Abramenko, 34, won gold at the 2018 Olympics — Ukraine’s second-ever individual Winter Olympic title after figure skater Oksana Baiul in 1994 — and silver last year.

He competed once this season, placing 10th at a World Cup in Finland on Dec. 4, and then flew with the Ukrainian national team to stay in Utah ahead of World Cups in Canada in January and at the 2002 Olympic venue in Park City this weekend. The area also hosted many Ukraine winter sports athletes this past summer.

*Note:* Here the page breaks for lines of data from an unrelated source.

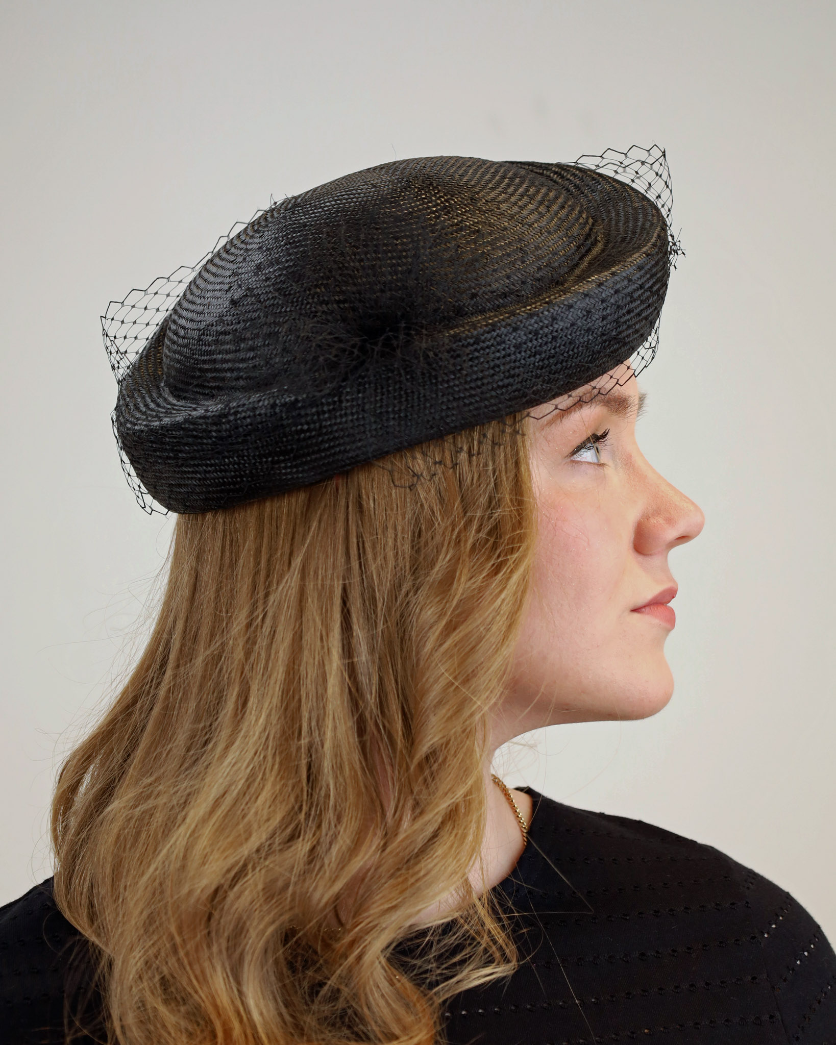 Kevyestä sisol-luonnonkuidusta valmistettu kaunis suikkapilleri. Päähineessä kaunis herkkä harso koristeena.
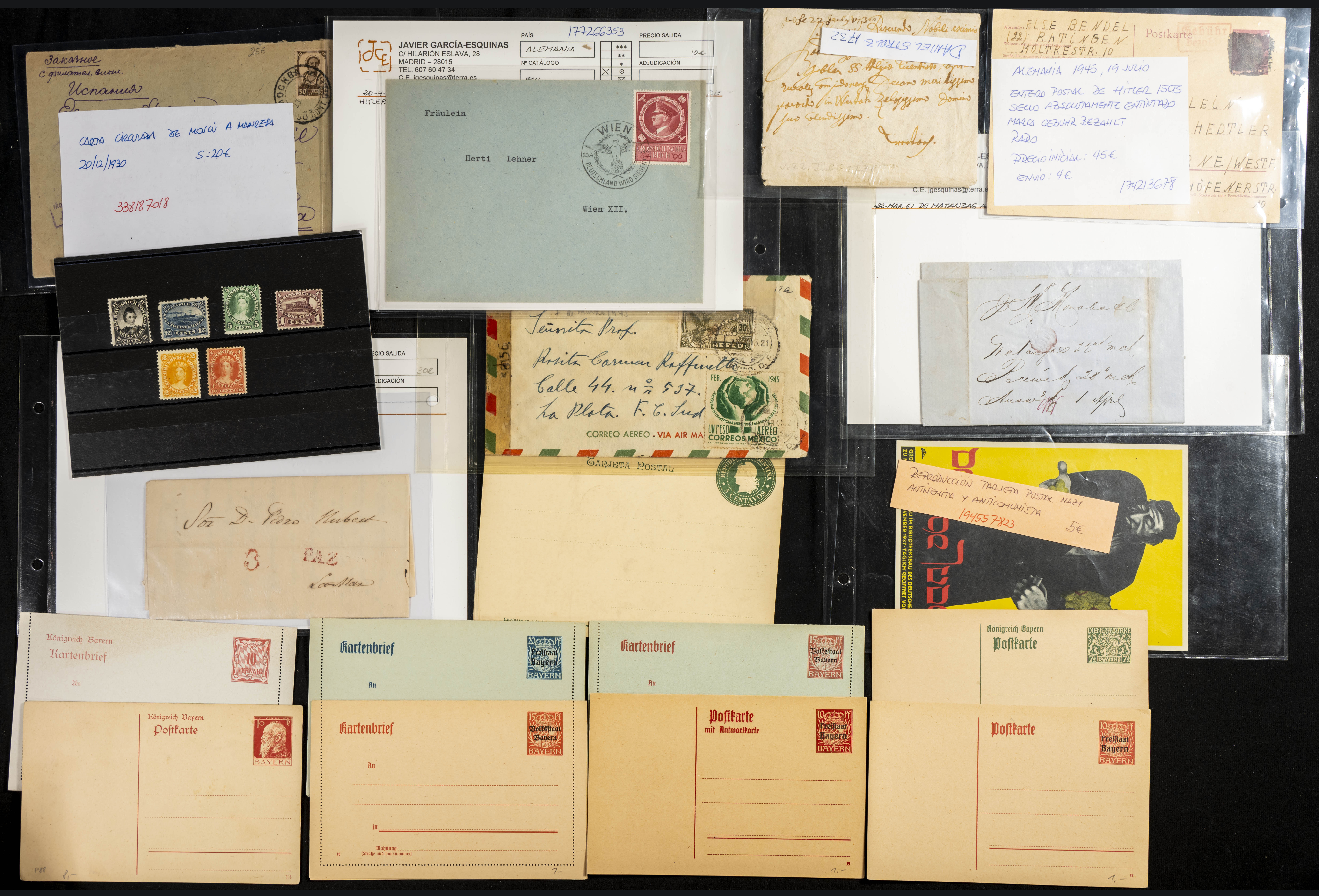 (1840ca). Interesante conjunto de más de sesenta cartas y tarjetas postales circuladas entre 1840 y 1970 y varias decenas de Tarjetas Entero Postales, en nuevo y todo de diversos países con algunas cartas prefilatélicas de Bolivia y Francia, cartas con clásicos de Francia y Alemania, vuelos especiales y Zeppelin, etc. A EXAMINAR.
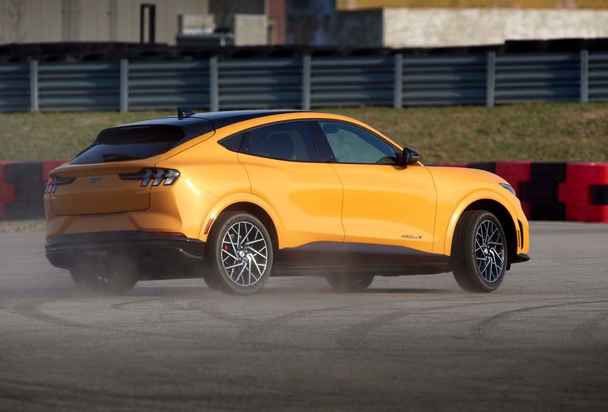 Повнопривідний Mach-E GT оснащується парою електромоторів із постійними магнітами, що сумарно розвивають 480 кінських сил і 814 Нм крутного моменту. До першої "сотні" кросовер прискорюється за 3,8 секунди. Запас ходу на одній зарядці сягає 402 км. До речі, класичне купе Mustang Mach 1 із бензиновим двигуном пропонує менше "конячок".
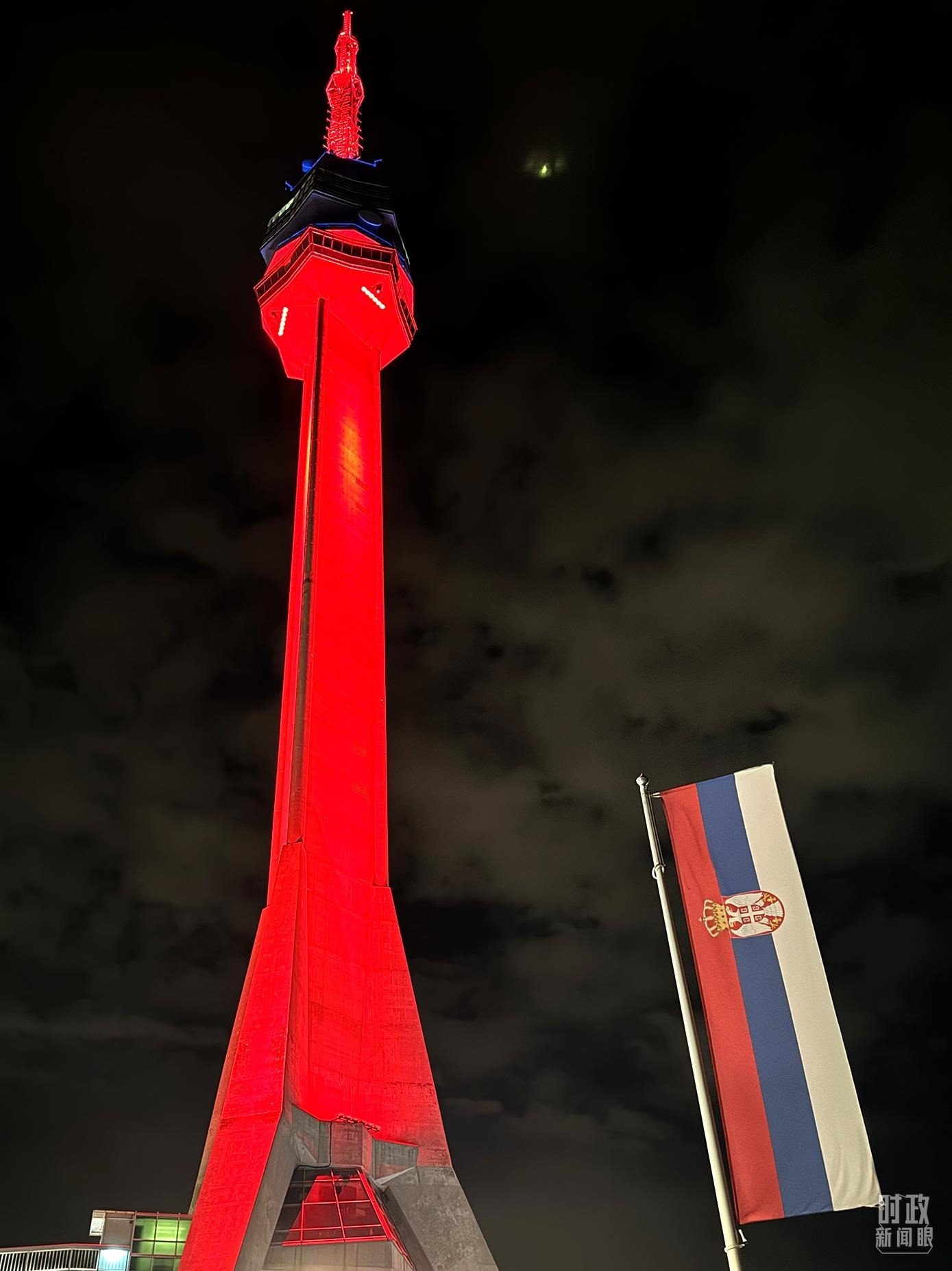 △貝爾格萊德夜晚的中國(guó)紅。(總臺(tái)央視記者李增仁拍攝)
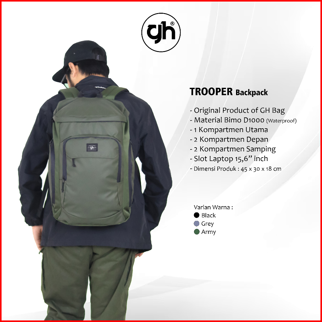 Gh-bag Trooper Backpack Tas Sekolah Kuliah Kerja Travelling Tas Ransel Laptop 15 6 Inch Waterproof
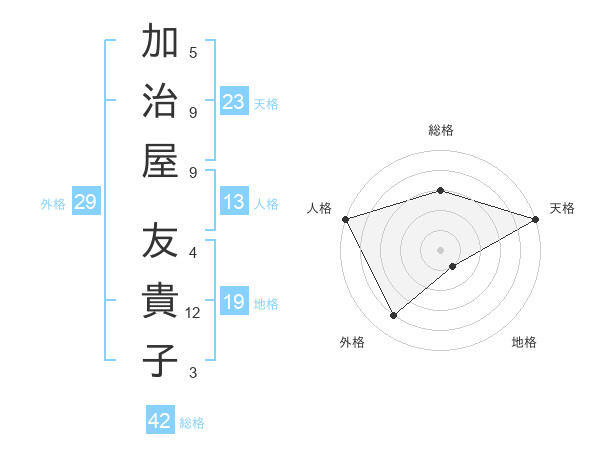 加治屋 友貴子さんを姓名の画数から五運を鑑定
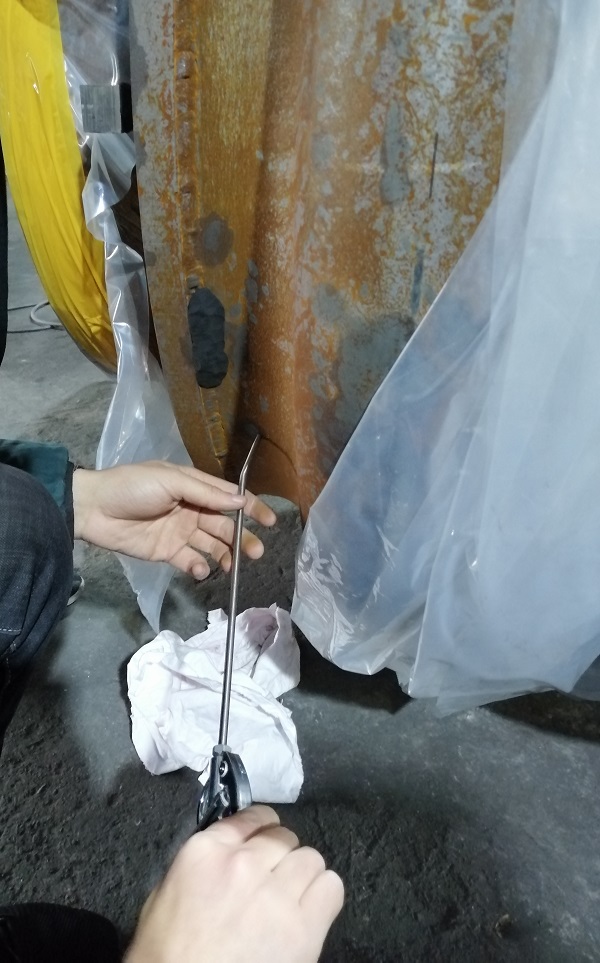 客户现场的大腔体容器容积为2 m3,漏率要求为6.9*10-10Pa.m3/s。因为工件漏率要求很高,所以要求工件内部要抽得足够干净,所以茄子视频成人在线观看建议客户配置分子泵组作为辅抽泵,同时配置真空计检测腔体真空度。茄子视频黄片下载连接在分子泵的排气口和机械泵的进气口之间。泵组与容器上焊接的KF40法兰直接相连,先开机械泵对容器腔体抽真空,当真空度达到10Pa时开启分子泵。经过大约一个半小时的抽空,容器腔体内真空度达到了0.5Pa,此时打开检漏仪检漏口的真空挡板阀,测得系统本底值为5.0*10-10Pa.m3/s,即可以进行喷氦检漏。茄子视频成人在线观看由近及远,由上到下,在法兰连接及焊缝处等可疑漏点喷吹少量氦气,观察检漏仪的读数是否上升,来查找漏点并进行封堵。待查完漏点后,再用薄膜将容器整体包裹住,向薄膜内充一定浓度的氦气,可通过氦气浓度仪来判断充入氦气的浓度。观察检漏仪稳定后的读数,即可判断工件整体漏率是否合格。

Abramenko missed the competition in Canada two weeks ago due to injury and then wasn’t on the start list for today’s aerials event in Park City. He is set to miss the world championships later this month in Georgia (the country, not the state).

Abramenko said he needs surgery, followed by a nine-month rehabilitation process, similar to an operation on his other knee six years ago, according to Ukraine’s public broadcaster. He said he will see how the recovery goes and determine whether to return to the sport at age 35, according to the report.

Abramenko is already the oldest Olympic men’s aerials medalist and come the 2026 Milan-Cortina Winter Games will be older than all but one male aerialist in Olympic history, according to Olympedia.org.

At last year’s Olympics, Abramenko, Ukraine’s flag bearer at the Opening Ceremony, was hugged after the aerials final by Russian Ilya Burov, who finished one spot behind Abramenko for a bronze medal. A week later, Russia invaded Ukraine.

A week after that, Abramenko posed for a photo sitting on a mattress in a Kyiv parking garage with his wife and 2-year-old son published by The New York Times.

“We spend the night in the underground parking in the car, because the air attack siren is constantly on,” Abramenko texted, according to the newspaper. “It’s scary to sleep in the apartment, I myself saw from the window how the air defense systems worked on enemy missiles, and strong explosions were heard.”